Petabytes of data spilling on the floor.
A million seconds is 12 days.
A billion seconds is 31 years.
A trillion seconds is 31,688 years.
Last year IDC released the results of a study that found the world generated 161 exabytes of digital data the year before. How much data is that? A lot. Its 161,000 petabytes. Its 161 million terabytes. Its 161 billion gigabytes. All still really big numbers.
For a more useful perspective, consider the US Library of Congress:
With millions of books on its shelves, it is earth's largest library.
Yet the Library's printed works collection is estimated to store the equivalent of only about 10 terabytes. To even get into the petabytes of data we have to include the contents of all US research libraries, and then the total is only 2 petabytes.
While the sheer size of the numbers is entertaining, there are two serious points here. First, in 2006 we created more digital data than we could store. The same IDC study estimates that the world had only 181 exabytes of storage available in 2006. In that storage budget we had to store all the previously stored data, in addition to some fraction of the newly generated data. 2006 was the first time we exceeded our storage budget in the entire known history of humankind.

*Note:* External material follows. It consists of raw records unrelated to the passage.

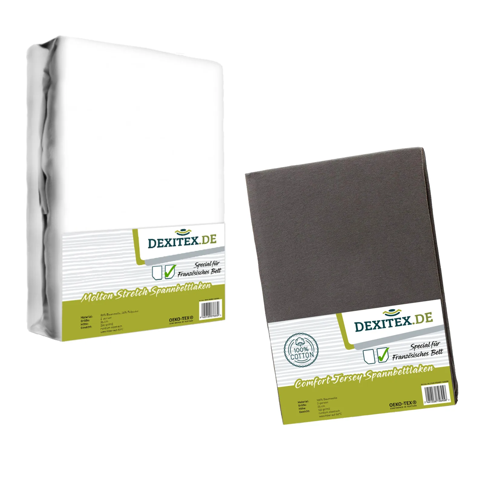Textilpaket Französisches Bett – 1 Spannbettlaken und 1 Molton – Rechts
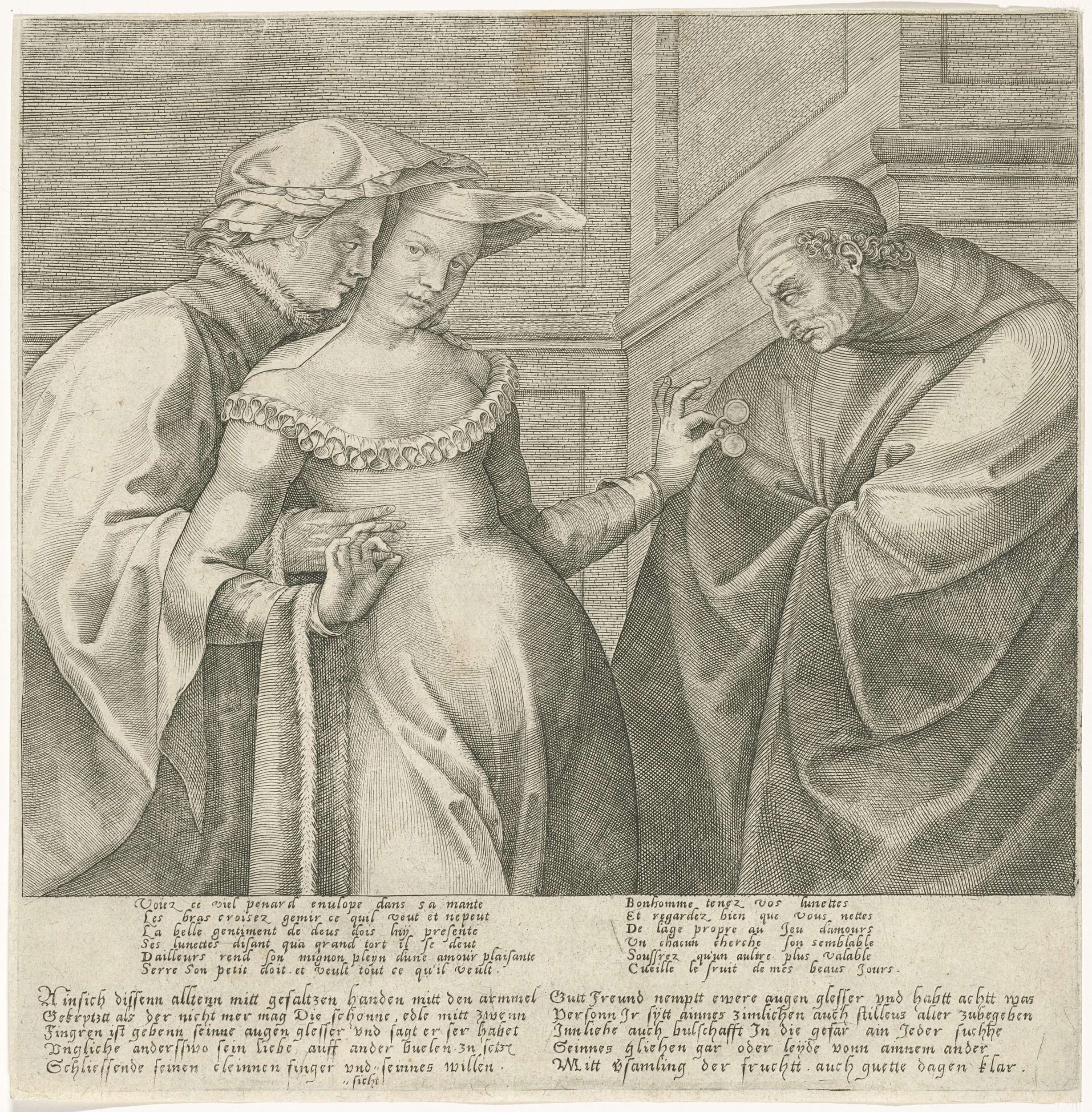 Allegorie op de liefde en impotentie: een jong paar omhelst elkaar, terwijl de vrouw een bril geeft aan een oude man. In de marge een twaalfregelig gedicht in het Frans en een tienregelig gedicht in het Duits, die de voorstelling toelichten.
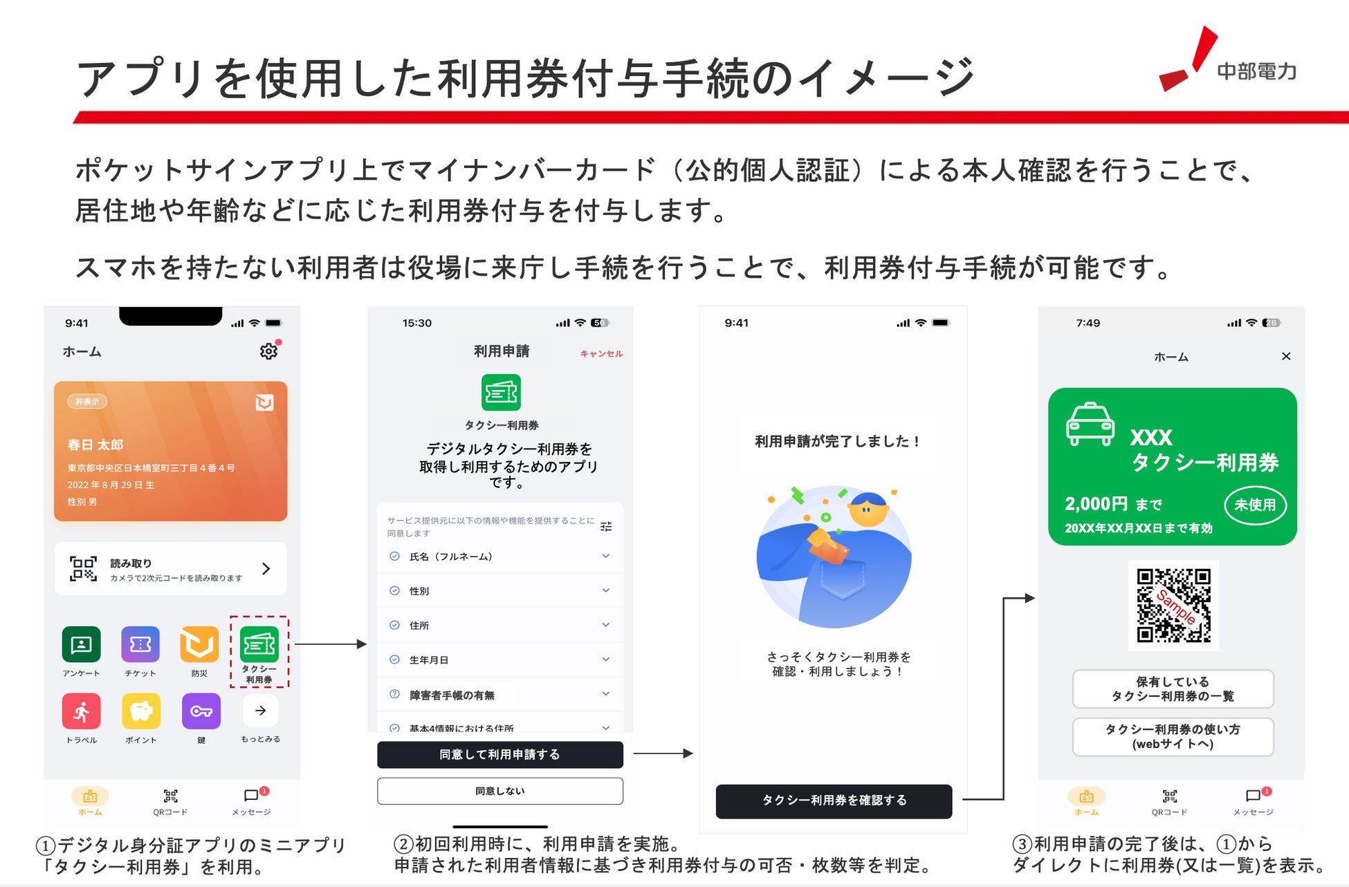 今後、当社と中部電力、中電クラビスは、マイナンバーカードの公的個人認証(JPKI)*機能を活用した当社のデジタル身分証アプリ「ポケットサイン」を用いて、スマートフォンで本人確認とタクシー利用券の付与を行い、町とタクシー事業者との間のデータ連携や精算までデジタル化する実証実験を町とともに実施する予定です。
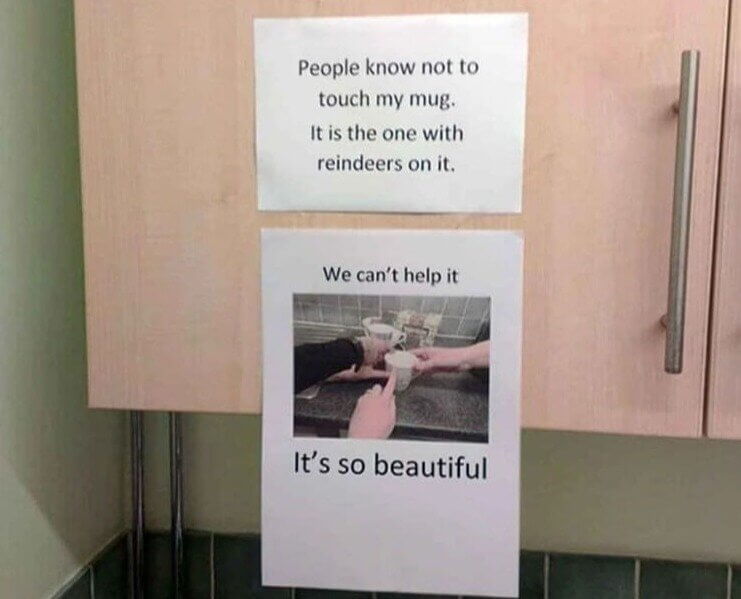 One employee brought a reindeer mug and clearly didn’t want anyone touching it. They left a warning note that got an incredibly creative response from a coworker. The reply even included a drawing. Honestly, it turned a simple mug drama into pure office comedy gold.

Second, this storage gap is expected to grow rapidly: IDC estimates we'll have a total of 601 exabytes of storage available worldwide by 2010, but in that year alone we will create 988 exabytes of new data.
Without sounding unnecessarily abstract, our society is in the midst of a profound change. There are important debates going on about what this means, and how much of what we create we'll be able to leave to future generations. These questions will take a long time to sort out.
In the meantime, businesses and other organizations that thrive on data are faced with new challenges they need to respond to today. Until now they've had the luxury of assembling data over time, analyzing it offline, conducting long-term studies, revisiting old data, and so on. The trick was getting all of the data into one place; once that happened; it could be analyzed and re-analyzed as many times as one had a reason to do so.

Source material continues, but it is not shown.